Target: Predict "[MASK]" as "eat"

**Goal**: Learn deep **bidirectional context**.

### 2. Next Sentence Prediction (NSP)
- Predicts whether sentence B is the **actual next sentence** of sentence A.

**Example**:  
Sentence A: "He went to the store."  
Sentence B: "He bought a gallon of milk." → IsNext  
Random sentence B: "Penguins are flightless birds." → NotNext

**Goal**: Understand **sentence relationships**.

---

## Input Representation

To support both single and sentence-pair tasks, BERT uses a combined input format:

| Component | Explanation |
|----------|-------------|
| [CLS] Token | First token of every input sequence.
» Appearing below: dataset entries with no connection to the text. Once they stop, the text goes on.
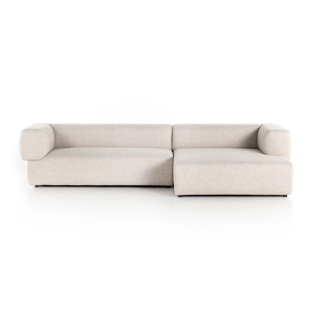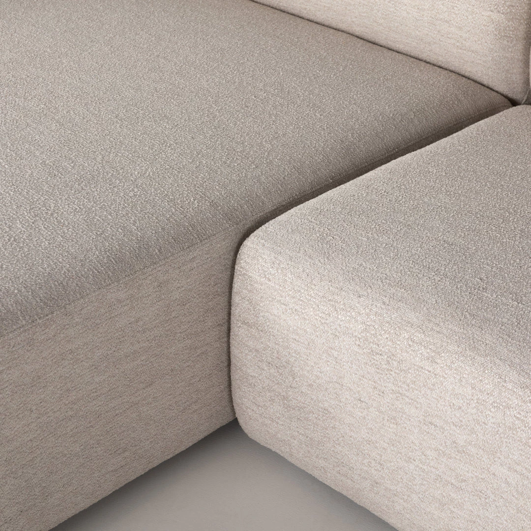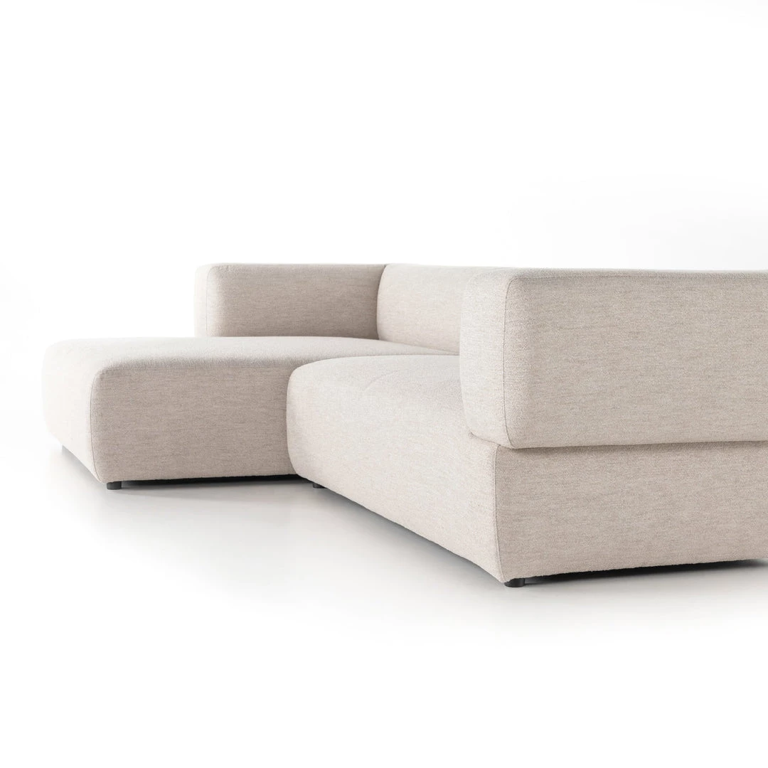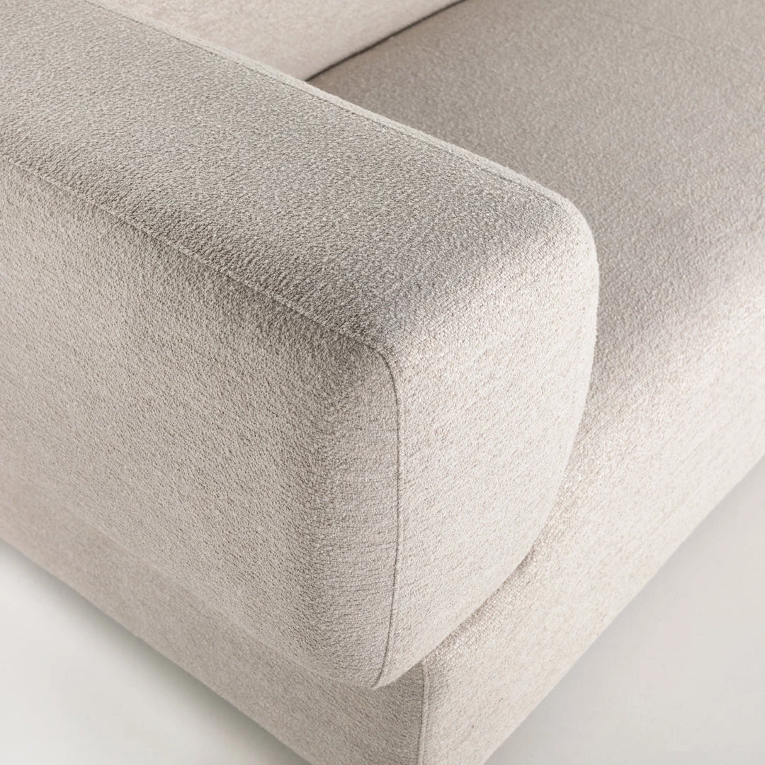 Soft volume says “relax.” Upholstered in a pristinely tailored high-performance fabric that feels like a blend of linen and boucle, rolled curves and grand proportions bring a look of beautiful drama to everyday lounging. Two-piece left arm-facing sectional with matching chaise.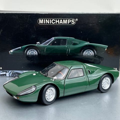 Minichamps Porsche 904 GTS 1964, skala 1:18, grøn, støbt resin, brugt, i originalemballage. Klik på den blå "gå til varen" knap, for at købe eller byde på denne vare. Den samlede pris vil blive vist inden du afgiver dit bud.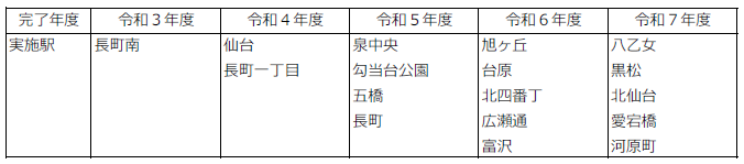 令和3年度から工事を始め、令和7年度末までに南北線の全17駅で工事を実施する予定です。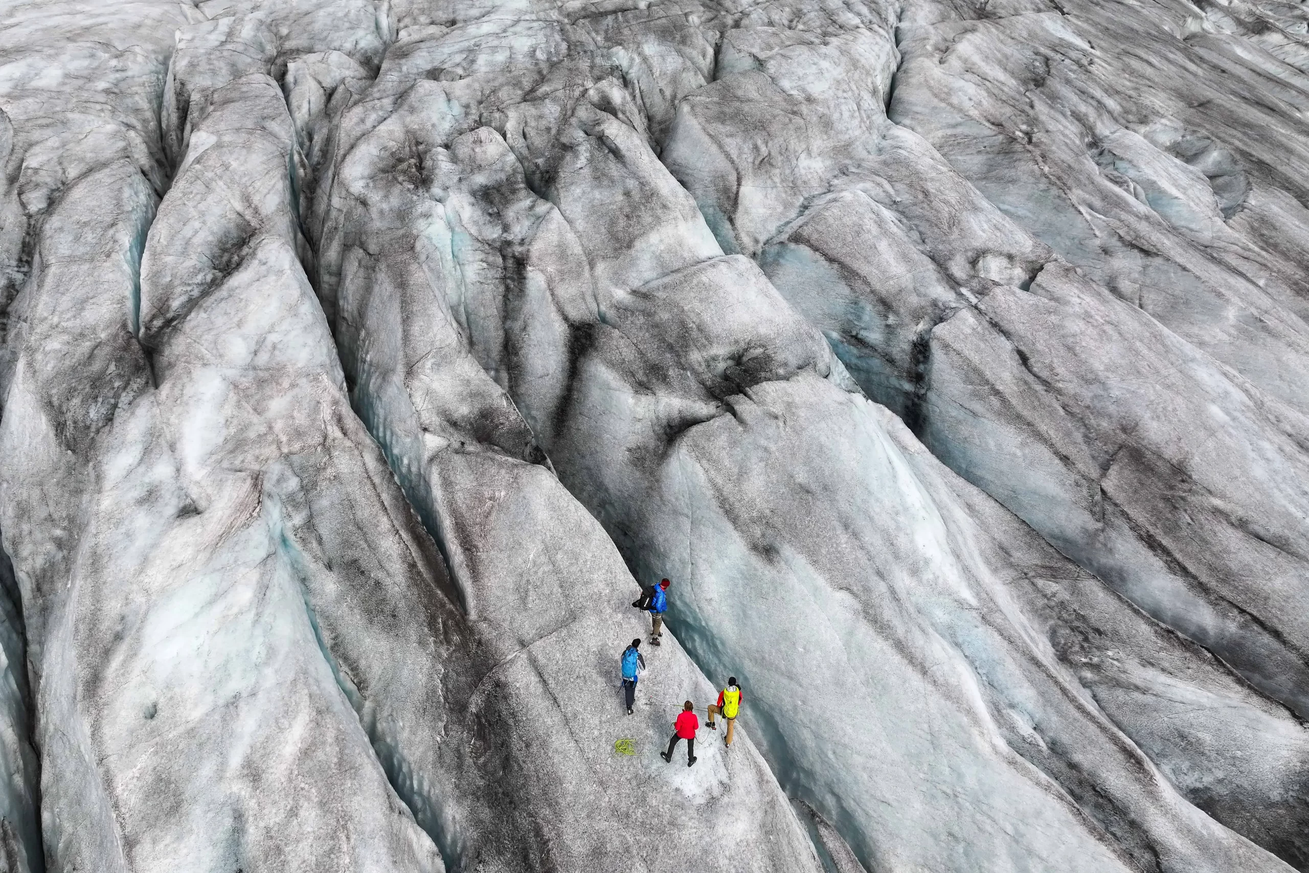 Letecký pohled na vědecký tým Curyšské polytechniky při sběru dat na ledovci Rhôna u obce Gletsch ve Švýcarsku, 22. srpna 2025. (Sean Gallup / Getty Images)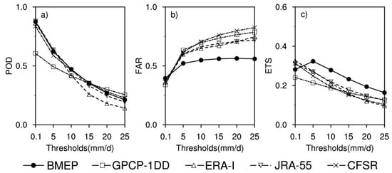 Figure 9 presents the results of POD, FAR, and ETS for five different gridded products across varying daily precipitation thresholds. As the thresholds increase, all gridded products consistently exhibit a decrease in POD and an increase in FAR values. This finding aligns with earlier studies [22,35,40] indicating that identifying heavy rainfall is more challenging than detecting light rain for both merged and reanalysis precipitation products. When considering thresholds ranging from 0.1 to 10 mm/day, BMEP, JRA-55, and CFSR clearly outperform GPCP-1DD in detecting rain occurrence (Figure 9a). Furthermore, the skill of GPCP-1DD deteriorates at a slower rate compared to that of BMEP, JRA-55, and CFSR, resulting in higher POD values for thresholds exceeding 20 mm/d. The FAR of BMEP remains relatively stable around 0.55, significantly lower than that of other datasets for thresholds exceeding 5 mm/d. Conversely, the FAR values of GPCP-1DD and CFSR rapidly escalate, exhibiting substantially higher levels than other gridded data (Figure 9b). These findings highlight BMEP’s ability to achieve the lowest false alarm ratios in detecting medium to high precipitation rates across global land areas. To assess the overall capability of detecting rain events, the ETS is evaluated. BMEP exhibits an increasing trend in ETS scores for light rainfall events, reaching its peak at a threshold of 5 mm/d. Moreover, BMEP consistently maintains significantly higher ETS scores than other products, gradually declining as the threshold increases (Figure 9c). The superior performance of BMEP in ETS scores can be attributed to its substantially lower number of false alarms. This indicates that BMEP excels in successfully identifying daily precipitation, particularly for moderate and heavy rain events.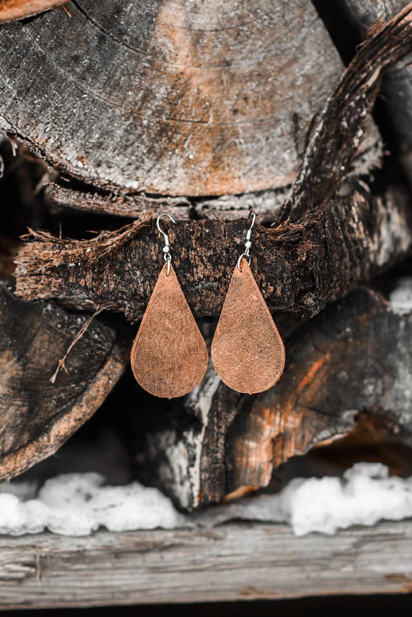 Genuine water buffalo leather tear drop shape dangle earrings. The leather is 2” long and a little over 1” wide at the widest part.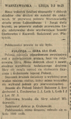 | Skra Warszawa | 1:12 (0:7) | Polonia Warszawa | ||||||||||||||||||||||||||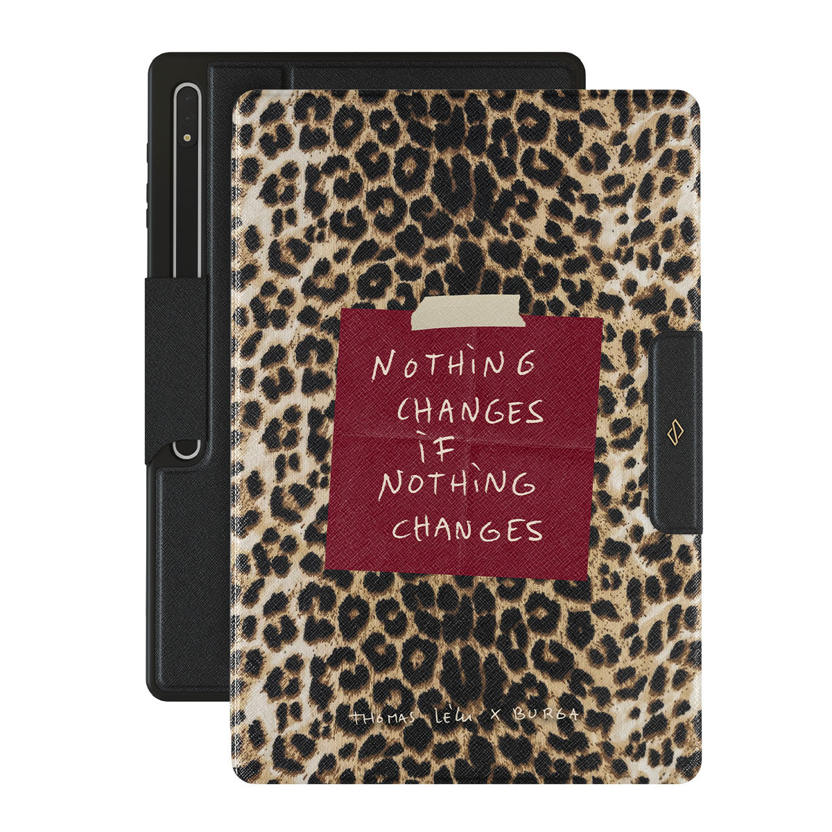 En este diseño: una cita en letra cursiva, una nota adhesiva roja, estampado animal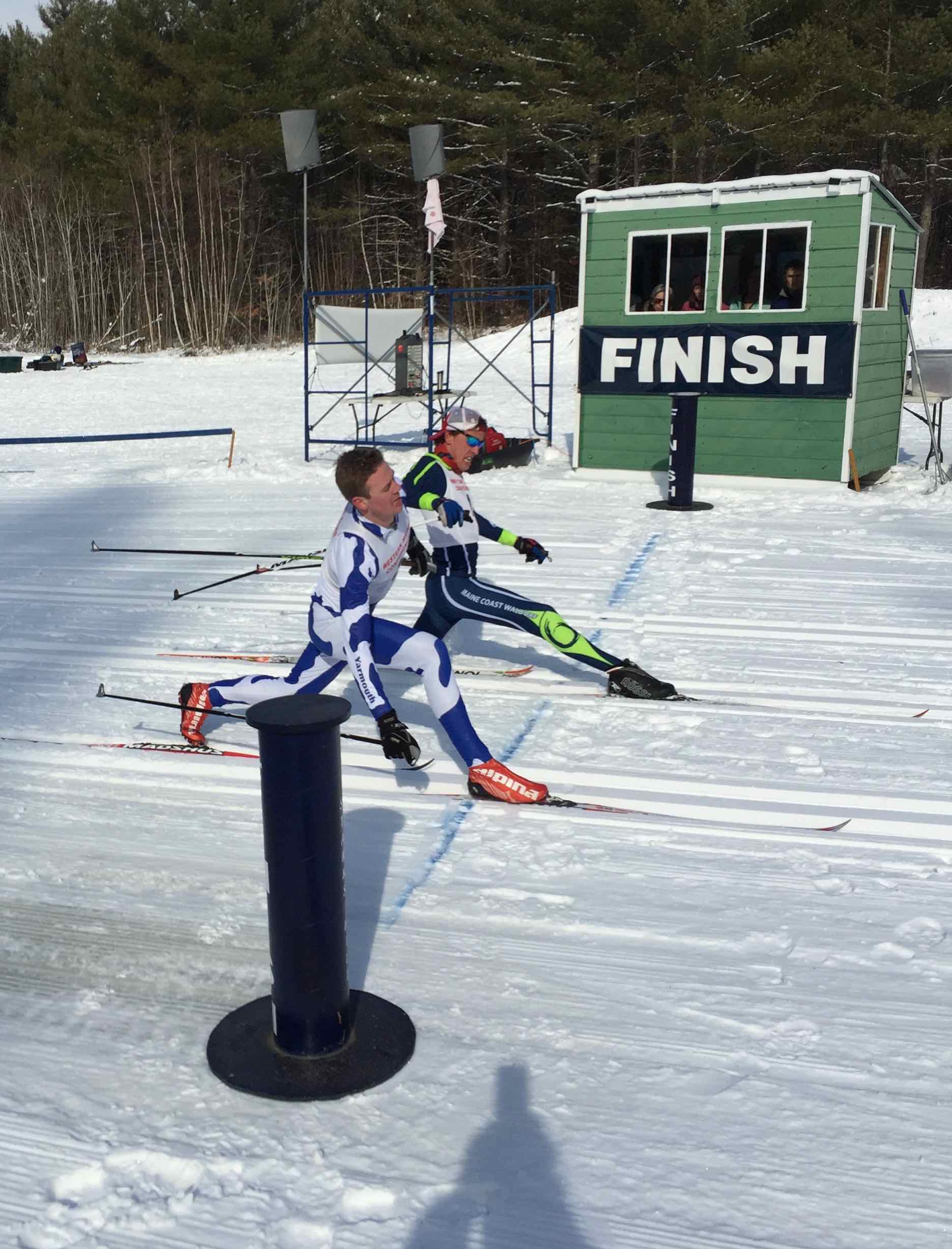 Lily Johnston of Freeport and Willson Moore of Waynflete win the 2016 WMC Nordic Classical title. The Freeport boys and the Yarmouth girls win the WMC Nordic team

Its final hidden state is used for classification. |
| [SEP] Token | Separates sentence A and sentence B. |
| Token Embeddings | WordPiece tokenized input |
| Segment Embeddings | Identify sentence A or B |
| Position Embeddings | Represent word positions in sequence |

---

## Fine-tuning on Downstream Tasks

After pre-training, BERT is fine-tuned by adding a task-specific output layer.

### Example Tasks:

| Task | Input Format | Output |
|------|--------------|--------|
| Sentiment Classification | [CLS] + sentence | Classification label from [CLS] token |
| Question Answering | [CLS] + question + [SEP] + context | Start and end token positions |
| Named Entity Recognition | Tokens | Label per token |

Fine-tuning is performed with just a few epochs and minimal architectural changes.

---

## Results

BERT achieved **state-of-the-art** results on multiple NLP benchmarks:

- GLUE (General Language Understanding Evaluation)
- SQuAD v1.1 and v2.0 (Question Answering)
- SWAG (Common Sense Inference)

---

## Key Innovations Summary

| Innovation | Benefit |
|-----------|---------|
| Masked Language Model | Allows deep bidirectional understanding |
| Next Sentence Prediction | Captures inter-sentence relationships |
| Single architecture | Used across tasks without major changes |
| Transfer Learning for NLP | Pre-train once, fine-tune for many tasks |

---

## BERT Summary Table

| Aspect | BERT |
|--------|------|
| Full Name | Bidirectional Encoder Representations from Transformers |
| Architecture | Transformer Encoder |
| Directionality | Deeply Bidirectional |
| Pre-training Tasks | MLM and NSP |
| Fine-tuning | Task-specific head on top |
| Model Sizes | BERT-Base (110M), BERT-Large (340M) |
| Training Data | BooksCorpus + English Wikipedia |
| Tokenizer | WordPiece with 30k vocabulary |

---

## Limitations of BERT

- **Expensive to pre-train** (compute-heavy).
- NSP was later questioned (RoBERTa removed it).
- Not ideal for real-time or low-latency applications due to size.

---

## Follow-up Models

| Model | Improvement |
|-------|-------------|
| RoBERTa | Removed NSP, trained longer and on more data |
| DistilBERT | Smaller and faster BERT |
| ALBERT | Parameter-sharing to reduce memory |
| BioBERT, ClinicalBERT | Domain-specific variants for biomedical/clinical texts |

---

## Final Thoughts

BERT changed the landscape of NLP by:
- Introducing a unified **pre-training + fine-tuning** framework.
- Achieving excellent results on a **variety of NLP tasks**.
- Inspiring many **improvements and new models** in the field.

It is a **foundation model** that paved the way for future large-scale pre-trained models in NLP.